One other option that I've tried is to modify the include path so that the test program would get the in-tree copy of the public header file, but that didn't build properly either because the header files aren't properly sanitized and therefore the compiler complains about it (include/uapi/linux/types.h).
One other disadvantage of carrying the sample program in the tree is that there's only infrastructure to build programs natively on the build machine. That's somewhat unfortunate because if you want to run the test program on a different architecture you have to either compile the kernel natively on that architecture (which isn't very practical on many embedded devices) or cross-compile manually.
I think a much nicer solution would be to add infrastructure to cross- compile these test programs, so that they end up being built for the same architecture as the kernel image (i.e. using CROSS_COMPILE).
Adding Michal and the linux-kbuild mailing list, perhaps this has been discussed before, or maybe somebody has a better idea on how to solve this.
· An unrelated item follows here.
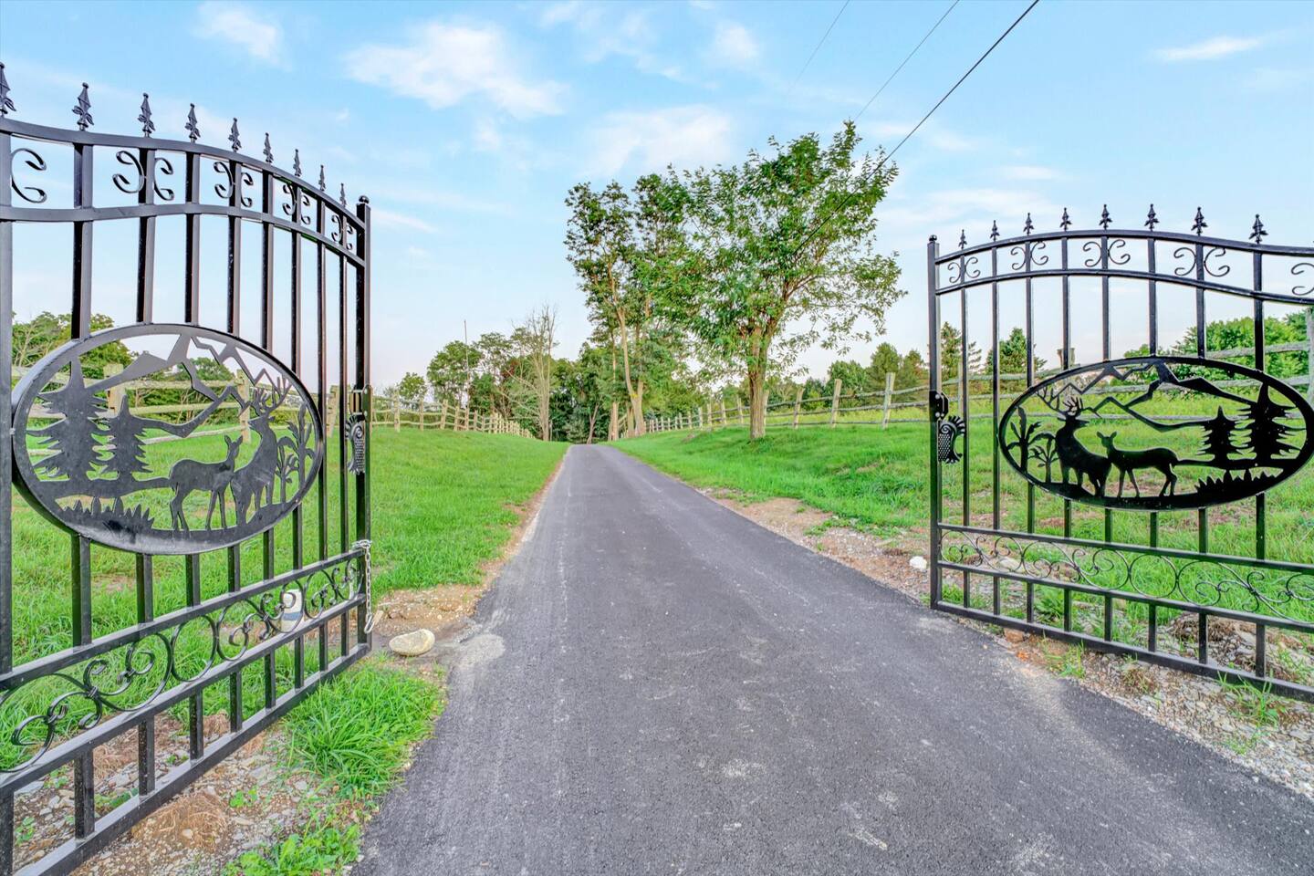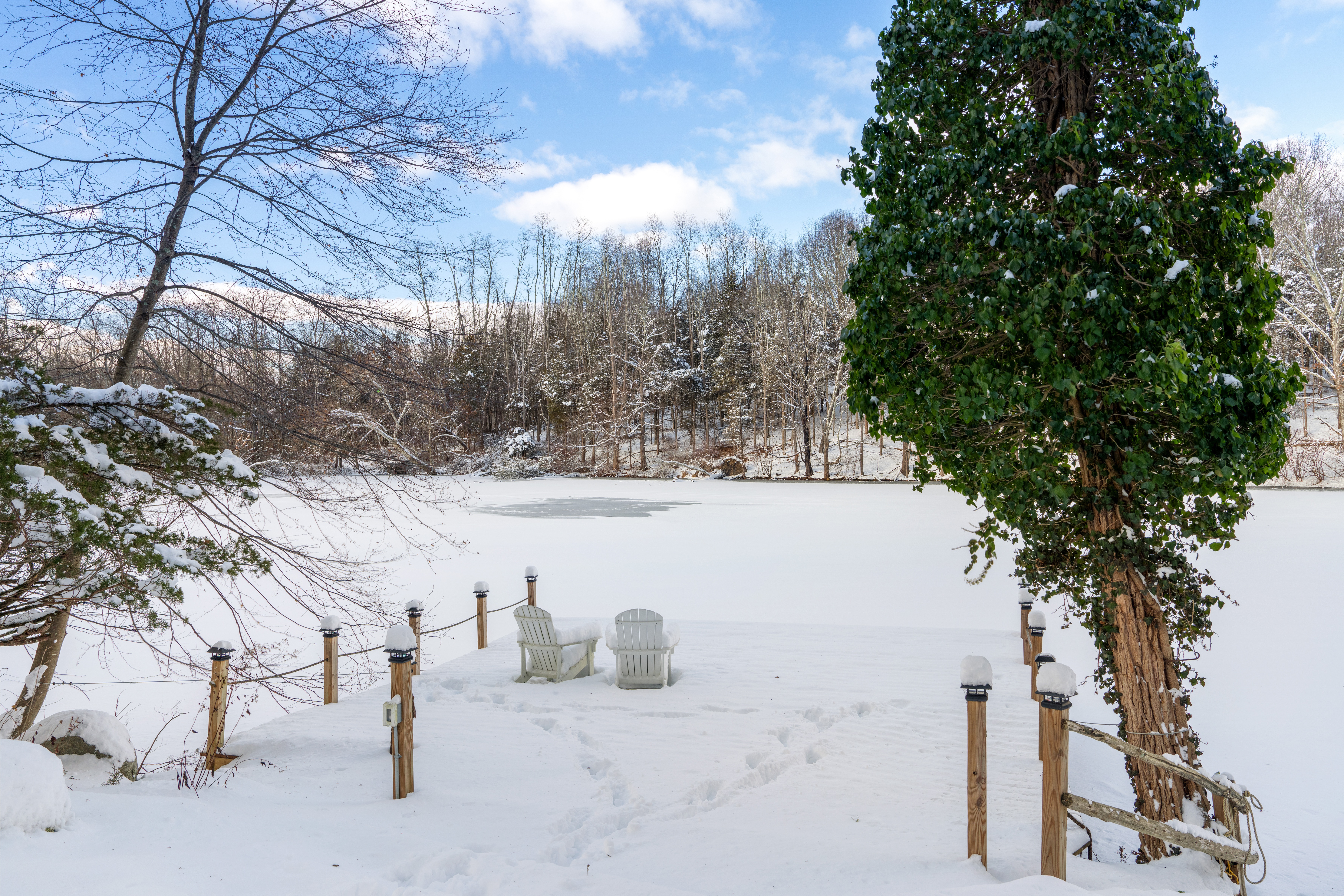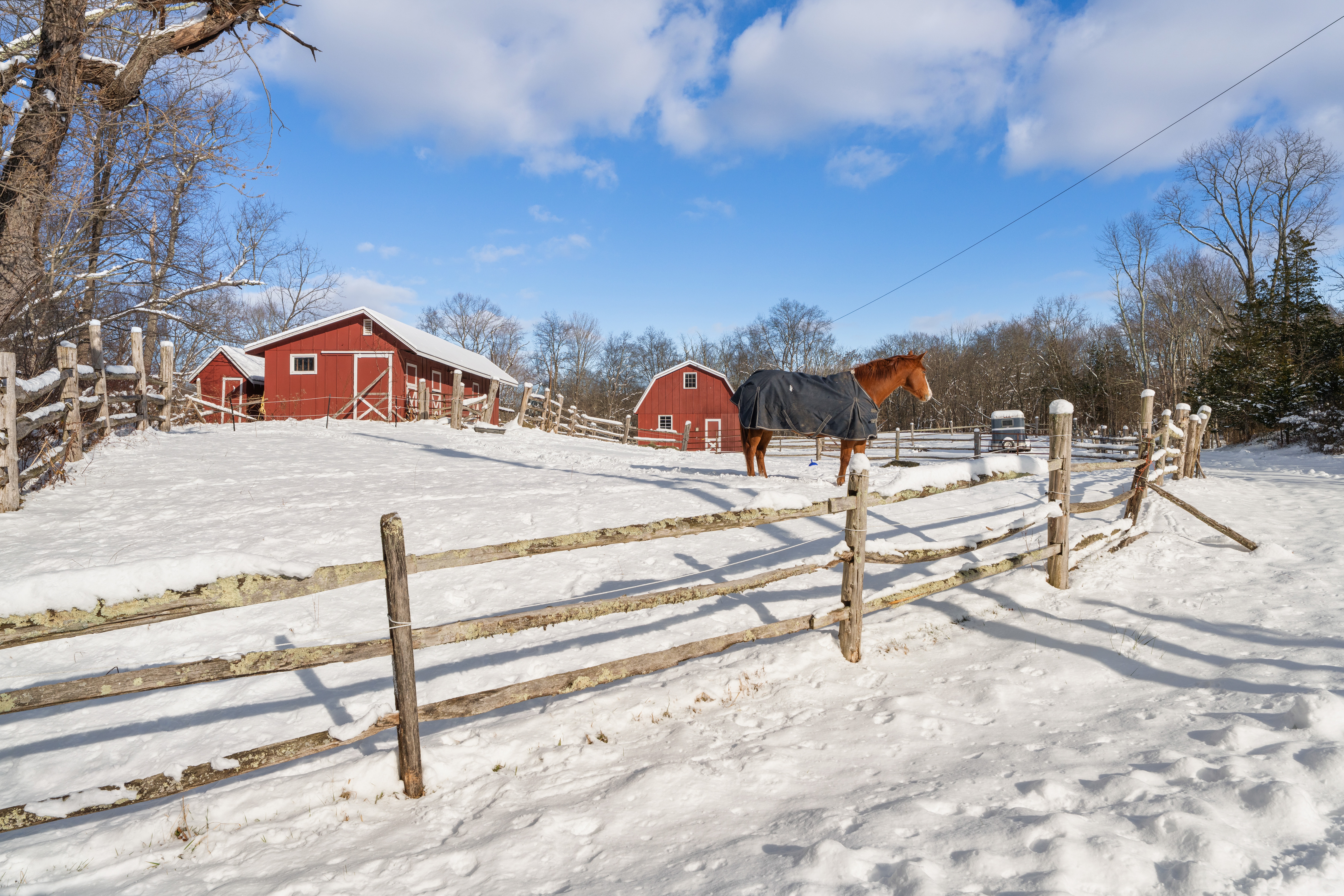 The property is completely open with no fencing other then the front gate. Please enjoy the tennis court, lake and hiking trails but be understanding of our neighbors property lines which are marked by either a stone wall or POSTED / PRIVATE PROPERTY signage.

I actually looked into this some time ago. May try to dust off the patch. IIRC the kernel provided headers were used for building - not the one installed on the machine. And crosscompile were supported.
That sounds exactly like what I'd want for this. If you need any help, please let me know.
Did you have any time to look into dusting off the patch? If not I'll gladly take whatever you have and dust it off myself.
Thierry
On Thu, Jul 10, 2014 at 11:55:26AM +0200, Thierry Reding wrote:
On Wed, Mar 26, 2014 at 09:32:47AM +0100, Thierry Reding wrote:
On Tue, Mar 25, 2014 at 07:01:10PM +0100, Sam Ravnborg wrote:
There are two things that don't work too well with this. First this causes the build to break if the build machine doesn't have the new public header (include/uapi/linux/dma-buf.h) installed yet. So the only way to make this work would be by building the kernel once with SAMPLES disabled, install the headers and then build again with SAMPLES enabled. Which really isn't very nice.
One other option that I've tried is to modify the include path so that the test program would get the in-tree copy of the public header file, but that didn't build properly either because the header files aren't properly sanitized and therefore the compiler complains about it (include/uapi/linux/types.h).
One other disadvantage of carrying the sample program in the tree is that there's only infrastructure to build programs natively on the build machine. That's somewhat unfortunate because if you want to run the test program on a different architecture you have to either compile the kernel natively on that architecture (which isn't very practical on many embedded devices) or cross-compile manually.
I think a much nicer solution would be to add infrastructure to cross- compile these test programs, so that they end up being built for the same architecture as the kernel image (i.e. using CROSS_COMPILE).
Adding Michal and the linux-kbuild mailing list, perhaps this has been discussed before, or maybe somebody has a better idea on how to solve this.
I actually looked into this some time ago. May try to dust off the patch. IIRC the kernel provided headers were used for building - not the one installed on the machine. And crosscompile were supported.
That sounds exactly like what I'd want for this. If you need any help, please let me know.
Did you have any time to look into dusting off the patch? If not I'll gladly take whatever you have and dust it off myself.
Thanks for the reminder. I got it almost working after simplifying it a lot. I will be travelling for the next few days but will continue to work on this after the weekend.